(Collected data)
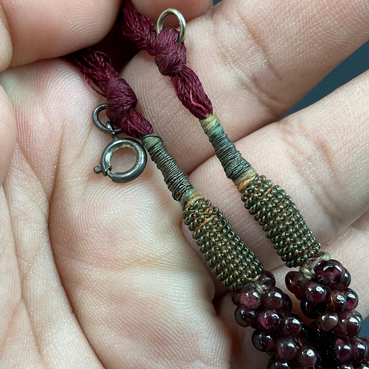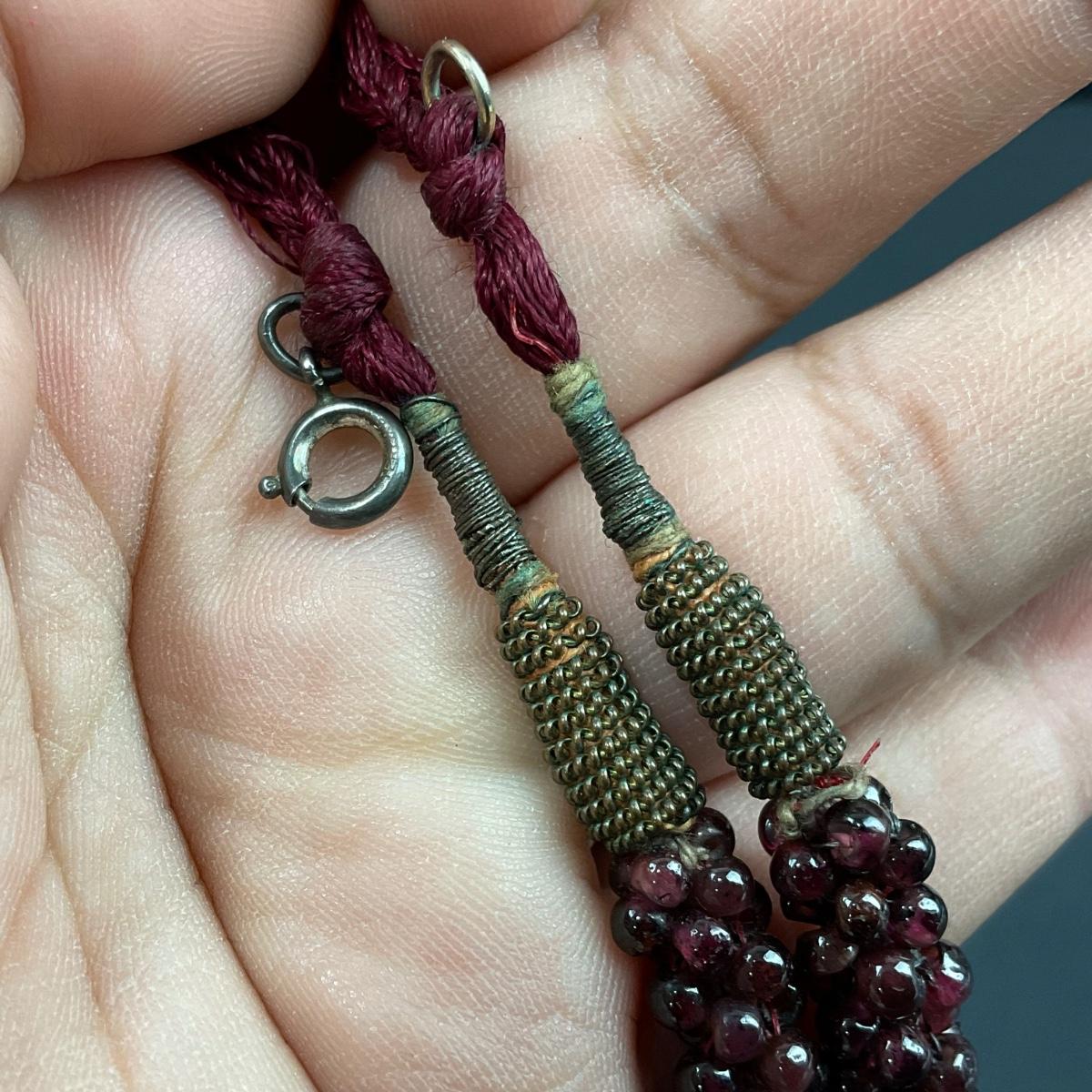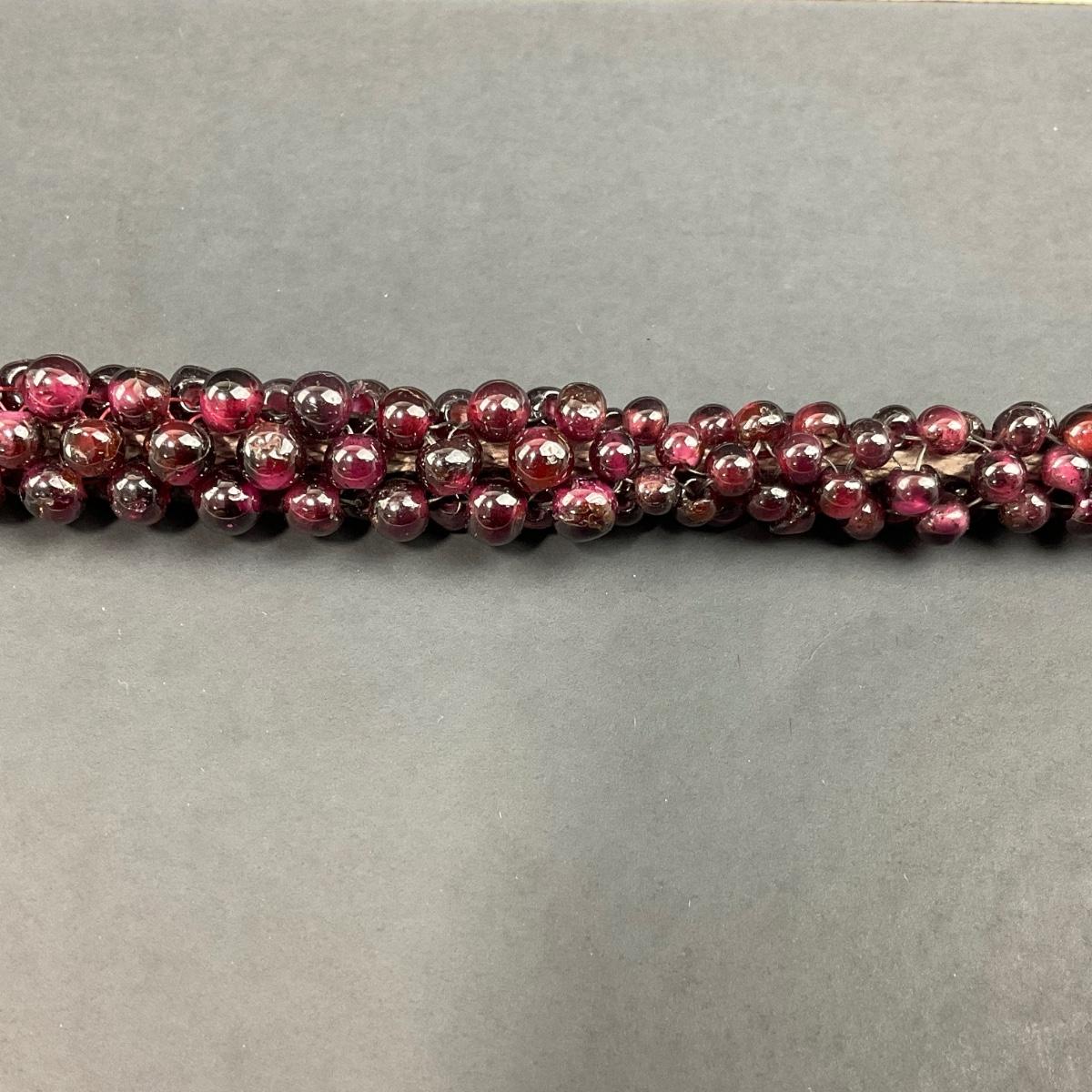 One vintage Garnet bracelet with matching necklace set. This piece has no damage, and appears to be in great shape with no visable chips, cracks, or broken pieces. Please see photos for details and condition. Any condition statement is given as a courtesy to a client, is an opinion, and should not be treated as a statement of fact. Reference to condition written, oral or within a condition report shall not be regarded as a full account of condition and may not include all defects, alterations, or restorations. Absence of a condition report does not imply a lot is flawless or lacking imperfections or damage. Katherine’s Auction & Appraisal Service shall have no responsibility for any error or omission. Returns shall not be accepted on the basis of condition. ::: Shipping is available on this lot. If you require shipping you must let us know at the close of the auction. We will coordinate with you after the item has been won. Shipping fees will include insurance up to or exceeding the value of all items being mailed. If you have any questions regarding this lot please contact the auctioneer either via this website, by direct email or by phone. PICK UP TIMES and other important information can be found in the TERMS and DESCRIPTION of the auction. Please take a look for pertinent information. Thanks!
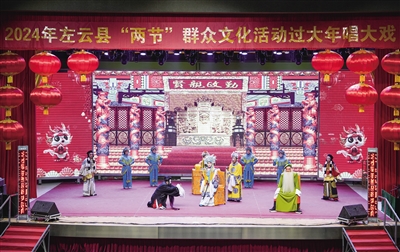 正月里来唱大戏,文化惠民庆新春。为弘扬中华优秀传统文化,营造欢乐、祥和、喜庆的节日氛围,左云县组织县晋剧演艺有限公司,在该县新云新礼堂开展了2024年左云县“两节”群众文化活动过大年唱大戏演出,为群众献上一场高品质的文化盛宴。图为2月19日该县组织演出的晋剧《算粮登殿》。 本报记者 韩堃摄
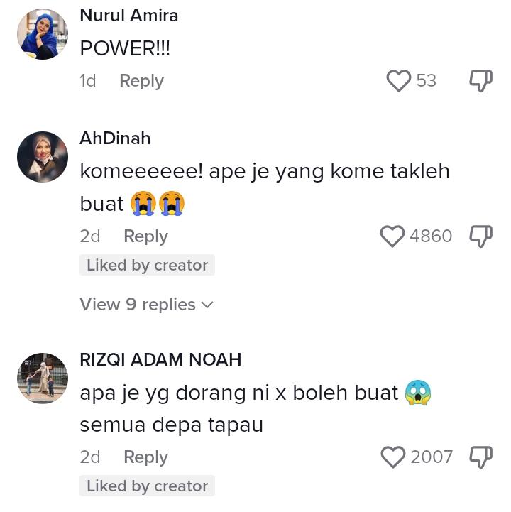 Berikut di bawah merupakan antara komen menarik daripada netizen di TikTok:
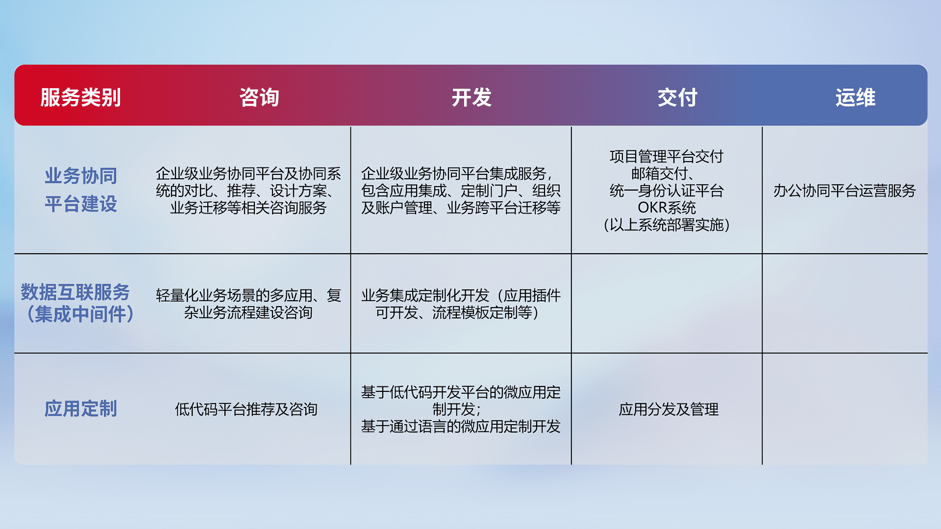 针对钉钉、、企微、、、、IDaas等平台级产品提供产品的规划、、、、方案、、交付、、、、定制化开发等服务,,,实现如统一协同办公、、智能客户服务、、、、混合会议管理、、、智能数据查询、、等业务场景,,,,实现数字化转型。。。。
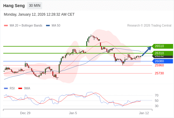 在 26080 之上,看涨,目标价位为 26310 ,然后为 26510 。
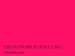 CIELCh 54.689,83.879,12.561 Color is a normal rose color and the nearest color is Vivid Raspberry #ff006c. Hex code #ff1068 and RGB value is rgb(255,16,104). In RGB color space, this color is composed of 100% red, 6% green, 41% blue, In CMYK color space, this color is composed of 0% cyan, 94% magenta, 59% yellow , 0% black , In HSL color space, this color has a hue angle of 338° , 100% saturation and 53% lightness.
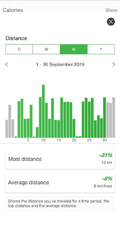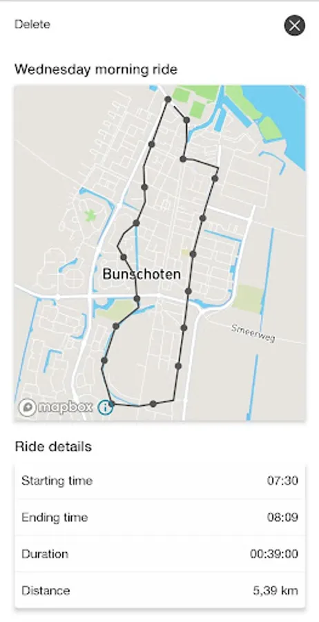 Look at your rides, where and when you've been driving. But also other interesting information such as how much CO2 you have saved with your bike ride compared to a car ride. View statistics on your distance driven, calories burned, CO2 and average speed per day, week, month or year.
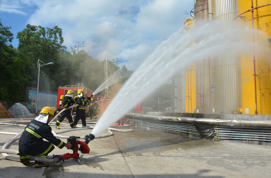 根据应急预案响应,参演人员全力以赴,积极应对险情;公司消防队迅速出动,专职消防人员从架设水枪开展专业扑救,到身穿防化服进入泄漏点进行检测和堵漏;环保人员对事故现场周围大气环境和事故污水进行了收集和有效监测,充分展示了有机分厂、保卫处消防队、生产安环部等相关单位的应急处置能力,达到了练指挥、练技能、练协同、练战法、练保障的效果。
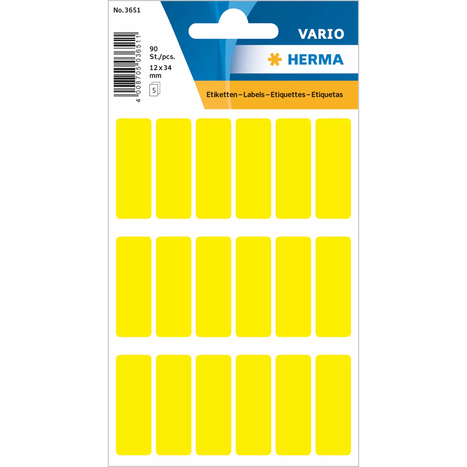 Multi-purpose labels, 12 x 34 mm, yellow, permanent adhesion, for hand lettering
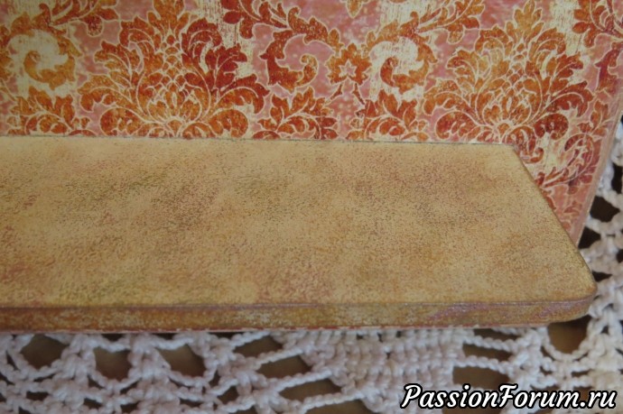 Затем затюкала накладку и полочку цветами по цвету совпадающими с картой, да сама основа и низ полочки-это декупажная карта.А после снова обвела орнамент и циферки контурами(в общем дурака работа любит))))
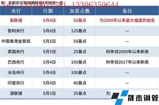 據(jù)不完全統(tǒng)計(jì),截至發(fā)稿,5月已有6家央行跟隨美聯(lián)儲(chǔ)腳步加息,1家央行先于美聯(lián)儲(chǔ)一天加息。具體如下:
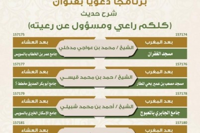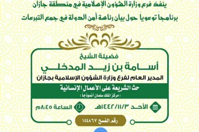 جازان - عادل عمر تنظم وزارة الشؤون الإسلامية والدعوة والإرشاد ممثلة بفرعها في منطقة جازان برنامجاً دعوياً تحت عنوان "...

→ EXERCISE BRIEF
Pictures stay out; reproduce exactly the lines from the one containing "CIELCh 54.689,83.879,12.561 Color" through the end of the data.

→ THE COMPLETED TASK
 CIELCh 54.689,83.879,12.561 Color is a normal rose color and the nearest color is Vivid Raspberry #ff006c. Hex code #ff1068 and RGB value is rgb(255,16,104). In RGB color space, this color is composed of 100% red, 6% green, 41% blue, In CMYK color space, this color is composed of 0% cyan, 94% magenta, 59% yellow , 0% black , In HSL color space, this color has a hue angle of 338° , 100% saturation and 53% lightness.
 Look at your rides, where and when you've been driving. But also other interesting information such as how much CO2 you have saved with your bike ride compared to a car ride. View statistics on your distance driven, calories burned, CO2 and average speed per day, week, month or year.
 根据应急预案响应,参演人员全力以赴,积极应对险情;公司消防队迅速出动,专职消防人员从架设水枪开展专业扑救,到身穿防化服进入泄漏点进行检测和堵漏;环保人员对事故现场周围大气环境和事故污水进行了收集和有效监测,充分展示了有机分厂、保卫处消防队、生产安环部等相关单位的应急处置能力,达到了练指挥、练技能、练协同、练战法、练保障的效果。
 Multi-purpose labels, 12 x 34 mm, yellow, permanent adhesion, for hand lettering
 Затем затюкала накладку и полочку цветами по цвету совпадающими с картой, да сама основа и низ полочки-это декупажная карта.А после снова обвела орнамент и циферки контурами(в общем дурака работа любит))))
 據(jù)不完全統(tǒng)計(jì),截至發(fā)稿,5月已有6家央行跟隨美聯(lián)儲(chǔ)腳步加息,1家央行先于美聯(lián)儲(chǔ)一天加息。具體如下:
 جازان - عادل عمر تنظم وزارة الشؤون الإسلامية والدعوة والإرشاد ممثلة بفرعها في منطقة جازان برنامجاً دعوياً تحت عنوان "...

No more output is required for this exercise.